*Work to complete*
Going through the material below, output exactly the lines from the one containing "hot and playful." through the one containing "学院党委副书记罗义淞向现场师", and no pictures.

*Data provided*
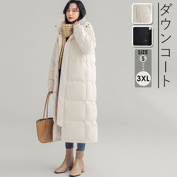 ゆったりとしたオーバーサイズのレディース用ダウンコートはいかがでしょうか。ダウンが90%+フェザーが10%使われており、軽くて保温性も良くて暖かいです。きれいめなロング丈になっています。ブラックかオフホワイトから選べまして、どちらとも合わせやすいのでおすすめです。
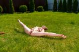 In "Nicole is all giggles and bubbles" our sweetheart is having fun outside, splashing around, making bubbles, and teasing her wet pussy. She laughs and moves on the grass, rubbing herself and playing with her tits. Her flexible body bends and stretches as she moans, letting herself come while having so much fun! Sunny fun turns into naughty solo time, and every touch is hot and playful.
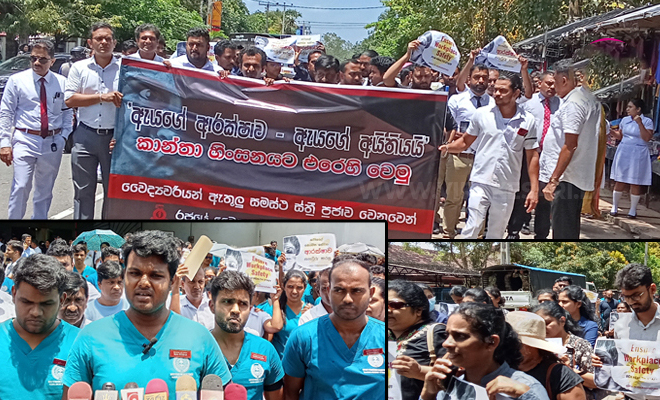 அநுராதபுரம் போதனா வைத்தியசாலைக்கு உரிய பாதுகாப்பு நடவடிக்கைகளை ஏற்பாடு செய்து தருமாறு கோரி மருத்துவர்கள், ஊழியர்களால் இந்த ஆர்ப்பாட்டம் முன்னெடுக்கப்பட்டுள்ளது.
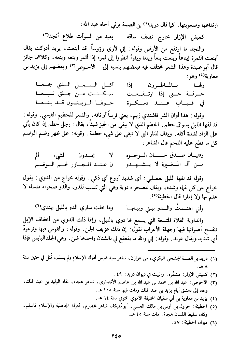 وقوله قد لفها الليل بعصلبي: أي شديد أروع أي ذكي. وقوله خراج من الدوي: يقول خراج عن كل غماء وشدة، ويقال للصحراء دوية وهي التي تنسب للدو، والدو صحراء ملساء لا علم بها ولا إمارة قال الحطيئة «5» :
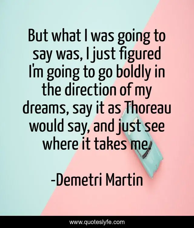 This page presents the quote "But what I was going to say was, I just figured I'm going to go boldly in the direction of my dreams, say it as Thoreau would say, and just see where it takes me.". Author of this quote is Demetri Martin. This quote is about me, direction, see,.
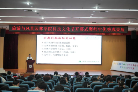 学院党委副书记罗义淞向现场师生详细介绍了科技文化节实施方案以及整体安排。本次科技文化节通过开展专业行业发展讲座、茗堂有约等各类专业类讲座和植物景观大赛、红色故事讲解大赛等特色文化活动,引导广大青年敢于创新、富于创意、乐于创造、勇于创业。
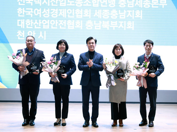 ÇùÀÇȸ »ç¹«±¹ÀÌ ÁÖ°üÇÏ´Â ¿ì¼ö»ç·Ê ºÎ¹®¿¡¼´Â ´ë»ó¿¡ ¡®ÀÛÀº»ç¾÷Àå ¾ÈÀüÄÁ¼³ÆÃ Áö¿ø»ç¾÷¡¯À», ÃÖ¿ì¼ö»ó¿¡ ¡®³ëµ¿Àüȯ Ưº°À§¿øÈ¸ ¿î¿µ¡¯À», ¿ì¼ö»ó¿¡ ¡®Ãæ³²³ë»çÇù·ÂÆ÷·³¡¯À» ¼±Á¤ÇØ ½Ã»óÇß´Ù.
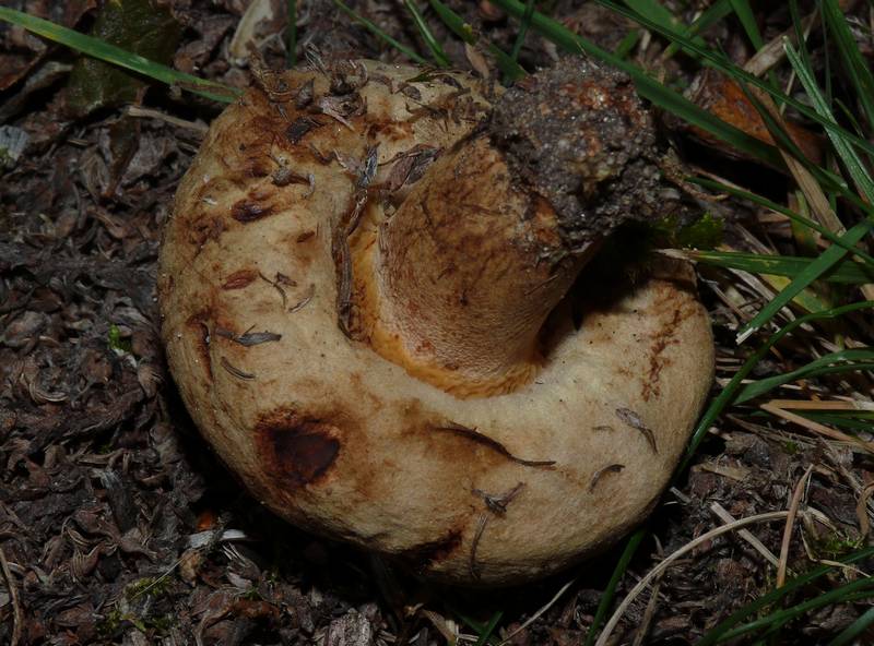 Der große mit dem schiefen Hut hat unterseits Lamellen, wie man auf dem zweiten, oben überbelichteten Bild sehen kann. Vielleicht ein Kahler Krempling?
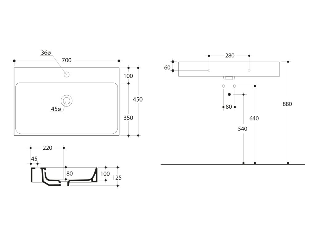 Kerasan CENTO keramické umyvadlo 70x45cm, bílá 353201

*Solved exercise*
 In "Nicole is all giggles and bubbles" our sweetheart is having fun outside, splashing around, making bubbles, and teasing her wet pussy. She laughs and moves on the grass, rubbing herself and playing with her tits. Her flexible body bends and stretches as she moans, letting herself come while having so much fun! Sunny fun turns into naughty solo time, and every touch is hot and playful.
 அநுராதபுரம் போதனா வைத்தியசாலைக்கு உரிய பாதுகாப்பு நடவடிக்கைகளை ஏற்பாடு செய்து தருமாறு கோரி மருத்துவர்கள், ஊழியர்களால் இந்த ஆர்ப்பாட்டம் முன்னெடுக்கப்பட்டுள்ளது.
 وقوله قد لفها الليل بعصلبي: أي شديد أروع أي ذكي. وقوله خراج من الدوي: يقول خراج عن كل غماء وشدة، ويقال للصحراء دوية وهي التي تنسب للدو، والدو صحراء ملساء لا علم بها ولا إمارة قال الحطيئة «5» :
 This page presents the quote "But what I was going to say was, I just figured I'm going to go boldly in the direction of my dreams, say it as Thoreau would say, and just see where it takes me.". Author of this quote is Demetri Martin. This quote is about me, direction, see,.
 学院党委副书记罗义淞向现场师生详细介绍了科技文化节实施方案以及整体安排。本次科技文化节通过开展专业行业发展讲座、茗堂有约等各类专业类讲座和植物景观大赛、红色故事讲解大赛等特色文化活动,引导广大青年敢于创新、富于创意、乐于创造、勇于创业。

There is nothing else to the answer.